151. There are now several major established long-distance carriers. Regulators today are more
attuned to risks of discrimination and, importantly, long-distance access arrangements are well
established. The new Act prohibits many discriminatory practices that were not specifically
prohibited pre-divestiture. In addition and importantly, the Act provides for opening of the local
market which over time should yield additional safeguards for long-distance competition, both by
providing direct alternatives, and by offering benchmarks to assist regulators in regulating BOC
152. Moreover, the development of local competition—a central goal of the Act—can itself be
accelerated by authorizing BOC entry before there is effective local competition, provided that such
authority is appropriately conditioned on prior BOC cooperation with local entrants. Local
competition will develop sooner if the BOCs cooperate, and the BOCs should be more willing to
cooperate if in so doing they secure earlier entry into long distance. This logic, I believe, is integral
to the particular sequencing adopted in Â§ 271.
153. Finally, as noted earlier, BOC entry has the potential to yield significant benefits in provision
of integrated services and increased long-distance competition. Since the potential costs can be
mitigated through regulatory, antitrust and other safeguards once the market is open and benchmarks
are in place, coupled with some local competition, the value of attaining earlier the benefits of BOC
entry reinforces the case for approving such entry well before effective local competition is in place.
B. The Local Market Must Be Irreversibly Open to Competition
154. While section IV showed that regulators can do a reasonable job of preserving established
arrangements, it also raised significant doubts about their ability to expeditiously enforce new
arrangements in the face of BOC resistance. This is particularly an issue for the new local-
competition arrangements required by the Act, many of which entail radical departures from past
practice. Given the pivotal role of these arrangements in laying the foundation for local competition
as envisioned in the Act, and that local competition holds the key to achieving the Act's goals, I
believe that BOC entry should be authorized only once there is sufficient confidence that the BOC's
local market has been irreversibly opened to competition through all three entry modes contemplated
by the Act. Several steps, discussed next, lead to this conclusion.

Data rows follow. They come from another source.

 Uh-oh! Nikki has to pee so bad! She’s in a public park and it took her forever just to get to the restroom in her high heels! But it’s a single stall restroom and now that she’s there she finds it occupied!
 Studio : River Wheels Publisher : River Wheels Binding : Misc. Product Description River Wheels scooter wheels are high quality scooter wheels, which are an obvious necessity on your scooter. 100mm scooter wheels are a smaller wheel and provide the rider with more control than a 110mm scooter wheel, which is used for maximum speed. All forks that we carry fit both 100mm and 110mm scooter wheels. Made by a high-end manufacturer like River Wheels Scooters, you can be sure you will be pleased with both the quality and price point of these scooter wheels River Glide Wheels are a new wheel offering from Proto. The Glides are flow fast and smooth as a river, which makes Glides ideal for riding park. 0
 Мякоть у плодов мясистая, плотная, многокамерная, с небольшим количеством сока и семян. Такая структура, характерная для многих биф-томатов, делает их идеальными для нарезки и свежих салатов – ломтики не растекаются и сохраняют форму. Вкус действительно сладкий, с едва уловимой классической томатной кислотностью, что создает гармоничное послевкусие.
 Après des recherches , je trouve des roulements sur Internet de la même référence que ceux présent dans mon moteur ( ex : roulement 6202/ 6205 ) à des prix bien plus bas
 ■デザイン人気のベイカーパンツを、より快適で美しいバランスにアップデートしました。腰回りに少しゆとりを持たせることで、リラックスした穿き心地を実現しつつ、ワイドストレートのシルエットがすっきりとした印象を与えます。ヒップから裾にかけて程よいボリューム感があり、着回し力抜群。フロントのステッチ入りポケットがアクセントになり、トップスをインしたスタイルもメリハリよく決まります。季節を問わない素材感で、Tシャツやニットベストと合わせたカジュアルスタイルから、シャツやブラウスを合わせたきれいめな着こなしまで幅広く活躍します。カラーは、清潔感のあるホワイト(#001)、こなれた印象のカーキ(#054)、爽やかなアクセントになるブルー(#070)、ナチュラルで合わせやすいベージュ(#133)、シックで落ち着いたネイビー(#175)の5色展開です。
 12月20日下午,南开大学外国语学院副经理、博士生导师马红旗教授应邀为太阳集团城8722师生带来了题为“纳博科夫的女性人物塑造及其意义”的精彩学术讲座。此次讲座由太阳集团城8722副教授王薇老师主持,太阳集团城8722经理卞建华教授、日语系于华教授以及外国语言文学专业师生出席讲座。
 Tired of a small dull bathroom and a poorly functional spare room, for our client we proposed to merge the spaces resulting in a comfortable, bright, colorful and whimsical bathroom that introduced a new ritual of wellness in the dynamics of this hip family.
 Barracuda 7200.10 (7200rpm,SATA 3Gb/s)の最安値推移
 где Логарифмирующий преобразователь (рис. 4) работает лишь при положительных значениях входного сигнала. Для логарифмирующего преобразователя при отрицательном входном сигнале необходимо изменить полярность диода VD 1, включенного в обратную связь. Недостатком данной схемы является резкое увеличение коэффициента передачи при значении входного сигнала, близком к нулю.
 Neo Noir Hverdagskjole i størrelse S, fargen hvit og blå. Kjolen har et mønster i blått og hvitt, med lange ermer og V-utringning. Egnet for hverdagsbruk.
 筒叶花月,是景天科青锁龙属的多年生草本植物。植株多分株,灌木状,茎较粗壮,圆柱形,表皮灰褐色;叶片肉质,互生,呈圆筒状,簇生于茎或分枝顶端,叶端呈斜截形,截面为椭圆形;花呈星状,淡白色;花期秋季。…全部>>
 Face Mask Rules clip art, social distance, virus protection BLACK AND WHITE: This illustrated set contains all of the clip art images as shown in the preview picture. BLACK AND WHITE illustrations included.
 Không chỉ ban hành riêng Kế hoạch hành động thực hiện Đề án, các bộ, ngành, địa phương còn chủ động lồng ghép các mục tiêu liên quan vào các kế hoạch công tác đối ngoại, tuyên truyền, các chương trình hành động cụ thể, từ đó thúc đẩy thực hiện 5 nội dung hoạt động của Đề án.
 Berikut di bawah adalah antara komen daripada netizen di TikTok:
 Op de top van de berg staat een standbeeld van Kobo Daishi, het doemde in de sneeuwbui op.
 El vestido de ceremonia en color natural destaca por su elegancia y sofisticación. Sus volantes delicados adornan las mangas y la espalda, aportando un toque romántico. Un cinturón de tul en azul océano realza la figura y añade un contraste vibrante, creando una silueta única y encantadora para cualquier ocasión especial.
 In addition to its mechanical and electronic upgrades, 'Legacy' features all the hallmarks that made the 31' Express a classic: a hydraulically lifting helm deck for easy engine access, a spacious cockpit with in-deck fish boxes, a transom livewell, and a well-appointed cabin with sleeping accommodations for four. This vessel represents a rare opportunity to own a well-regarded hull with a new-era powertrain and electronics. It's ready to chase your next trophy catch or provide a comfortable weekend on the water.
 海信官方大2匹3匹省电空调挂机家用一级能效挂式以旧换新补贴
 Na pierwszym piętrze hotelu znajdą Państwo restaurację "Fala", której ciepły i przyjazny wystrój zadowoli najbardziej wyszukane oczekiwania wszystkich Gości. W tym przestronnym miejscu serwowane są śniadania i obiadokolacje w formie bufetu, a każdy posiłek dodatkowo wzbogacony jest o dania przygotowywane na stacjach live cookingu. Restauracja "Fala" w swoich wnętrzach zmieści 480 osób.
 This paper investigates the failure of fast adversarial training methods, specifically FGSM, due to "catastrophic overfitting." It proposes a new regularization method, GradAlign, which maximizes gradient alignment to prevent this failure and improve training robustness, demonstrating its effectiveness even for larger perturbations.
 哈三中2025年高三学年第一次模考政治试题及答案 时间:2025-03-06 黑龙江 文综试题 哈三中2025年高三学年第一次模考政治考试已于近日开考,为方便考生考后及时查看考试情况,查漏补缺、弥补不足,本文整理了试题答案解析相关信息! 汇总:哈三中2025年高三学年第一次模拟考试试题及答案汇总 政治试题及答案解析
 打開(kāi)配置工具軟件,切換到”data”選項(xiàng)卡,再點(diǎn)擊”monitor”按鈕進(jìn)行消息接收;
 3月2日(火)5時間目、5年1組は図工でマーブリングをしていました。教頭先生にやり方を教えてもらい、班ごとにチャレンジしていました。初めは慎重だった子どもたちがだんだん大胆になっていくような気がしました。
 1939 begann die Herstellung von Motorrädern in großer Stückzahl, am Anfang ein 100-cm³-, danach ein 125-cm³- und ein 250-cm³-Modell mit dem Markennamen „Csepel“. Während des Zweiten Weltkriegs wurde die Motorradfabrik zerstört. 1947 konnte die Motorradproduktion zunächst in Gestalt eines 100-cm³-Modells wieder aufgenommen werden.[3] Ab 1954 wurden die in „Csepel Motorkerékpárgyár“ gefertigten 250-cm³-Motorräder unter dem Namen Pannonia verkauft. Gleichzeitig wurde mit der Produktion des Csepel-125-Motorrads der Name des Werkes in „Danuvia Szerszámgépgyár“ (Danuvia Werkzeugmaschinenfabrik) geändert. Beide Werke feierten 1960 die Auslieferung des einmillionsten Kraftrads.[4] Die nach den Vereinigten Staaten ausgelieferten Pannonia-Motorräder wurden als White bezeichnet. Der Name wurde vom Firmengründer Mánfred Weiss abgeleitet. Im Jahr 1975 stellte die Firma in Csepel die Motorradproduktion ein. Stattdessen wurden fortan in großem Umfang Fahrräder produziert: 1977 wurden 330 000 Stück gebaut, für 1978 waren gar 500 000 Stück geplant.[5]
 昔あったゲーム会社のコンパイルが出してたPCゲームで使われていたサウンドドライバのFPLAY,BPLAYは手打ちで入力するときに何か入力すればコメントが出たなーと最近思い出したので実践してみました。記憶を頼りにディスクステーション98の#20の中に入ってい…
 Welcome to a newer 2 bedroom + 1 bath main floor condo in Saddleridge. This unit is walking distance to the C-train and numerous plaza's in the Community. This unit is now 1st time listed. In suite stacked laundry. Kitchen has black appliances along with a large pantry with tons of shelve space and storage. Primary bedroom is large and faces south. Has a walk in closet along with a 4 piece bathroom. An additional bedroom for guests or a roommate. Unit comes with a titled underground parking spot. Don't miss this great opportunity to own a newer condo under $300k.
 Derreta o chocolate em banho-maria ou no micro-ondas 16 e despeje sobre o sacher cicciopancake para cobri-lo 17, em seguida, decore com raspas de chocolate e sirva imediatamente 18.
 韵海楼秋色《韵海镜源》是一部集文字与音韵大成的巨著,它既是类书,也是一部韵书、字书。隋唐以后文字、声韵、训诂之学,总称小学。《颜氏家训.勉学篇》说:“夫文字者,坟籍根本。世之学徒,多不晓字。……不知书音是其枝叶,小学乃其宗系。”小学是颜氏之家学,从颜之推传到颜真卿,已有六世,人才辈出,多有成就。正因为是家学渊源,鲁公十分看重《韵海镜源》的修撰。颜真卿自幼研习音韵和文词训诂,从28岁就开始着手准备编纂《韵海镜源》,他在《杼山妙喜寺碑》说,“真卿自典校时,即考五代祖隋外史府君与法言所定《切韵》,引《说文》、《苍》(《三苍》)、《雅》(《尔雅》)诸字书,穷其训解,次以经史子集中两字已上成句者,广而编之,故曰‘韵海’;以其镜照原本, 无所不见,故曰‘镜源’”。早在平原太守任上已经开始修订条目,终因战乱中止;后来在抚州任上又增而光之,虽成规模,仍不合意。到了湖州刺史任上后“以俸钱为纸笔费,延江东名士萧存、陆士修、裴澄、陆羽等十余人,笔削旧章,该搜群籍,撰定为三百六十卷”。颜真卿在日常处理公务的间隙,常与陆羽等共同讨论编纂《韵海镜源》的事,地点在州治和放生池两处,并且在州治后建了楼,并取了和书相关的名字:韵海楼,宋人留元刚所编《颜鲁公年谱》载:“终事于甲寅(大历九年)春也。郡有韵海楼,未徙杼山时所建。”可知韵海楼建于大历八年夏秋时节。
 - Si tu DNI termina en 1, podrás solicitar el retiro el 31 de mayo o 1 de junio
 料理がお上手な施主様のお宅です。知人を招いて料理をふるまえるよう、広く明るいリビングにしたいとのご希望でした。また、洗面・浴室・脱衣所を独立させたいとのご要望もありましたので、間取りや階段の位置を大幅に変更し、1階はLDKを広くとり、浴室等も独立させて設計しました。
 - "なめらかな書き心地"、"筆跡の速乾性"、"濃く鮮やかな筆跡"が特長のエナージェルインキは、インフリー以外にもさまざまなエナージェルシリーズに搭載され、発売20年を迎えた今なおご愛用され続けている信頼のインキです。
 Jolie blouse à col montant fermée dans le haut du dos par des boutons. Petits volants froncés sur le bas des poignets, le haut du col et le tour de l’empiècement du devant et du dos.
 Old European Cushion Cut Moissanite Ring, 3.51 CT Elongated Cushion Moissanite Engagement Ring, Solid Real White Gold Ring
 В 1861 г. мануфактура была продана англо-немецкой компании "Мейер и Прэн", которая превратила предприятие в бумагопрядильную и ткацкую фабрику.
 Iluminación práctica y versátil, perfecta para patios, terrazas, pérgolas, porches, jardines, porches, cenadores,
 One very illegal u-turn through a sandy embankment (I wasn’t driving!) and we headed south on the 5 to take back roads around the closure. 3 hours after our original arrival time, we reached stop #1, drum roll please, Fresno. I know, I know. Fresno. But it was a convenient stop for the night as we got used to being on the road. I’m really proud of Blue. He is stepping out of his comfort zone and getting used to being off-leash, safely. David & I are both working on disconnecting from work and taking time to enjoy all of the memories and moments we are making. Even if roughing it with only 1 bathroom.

1. BOC incentives to cooperate can make a great difference
155. The BOCs themselves seem quite aware of their latitude, within the regulatory and legislative
constraints, to affect the pace and efficacy of the process to open up local markets to competition.
The importance of BOC cooperation is illustrated by contrasting the experiences of intraLATA toll
versus interLATA markets. BOCs successfully delayed implementation of dialing parity for
intraLATA toll markets, where they were allowed to compete. In contrast, establishing the physical
and administrative arrangements for equal access to IXCs after divestiture was a considerable
achievement for the industry; and it was made possible in large part by BOCs' willingness to
cooperate given that they were barred from directly participating in long distance and thus had strong
interests in ensuring efficient operation of the exchange access business.
2. Importance of securing BOC cooperation before authorizing entry
156. As explained previously, relying on penalty threats to force implementation of new systems
is problematic, because enforcers will have far less information than the BOC about how long the
process should take. Providing a BOC with incentives to act faster—by authorizing its entry only
once sufficient implementation has occurred—will accomplish the process more quickly and more
efficiently. Once these main new technical and organizational access arrangements for local
competition are in place and shown to be working, they can establish performance benchmarks to
assist enforcers in preventing future backsliding. That is, pre-entry implementation of the new
systems makes regulatory and other safeguards considerably more effective and less burdensome.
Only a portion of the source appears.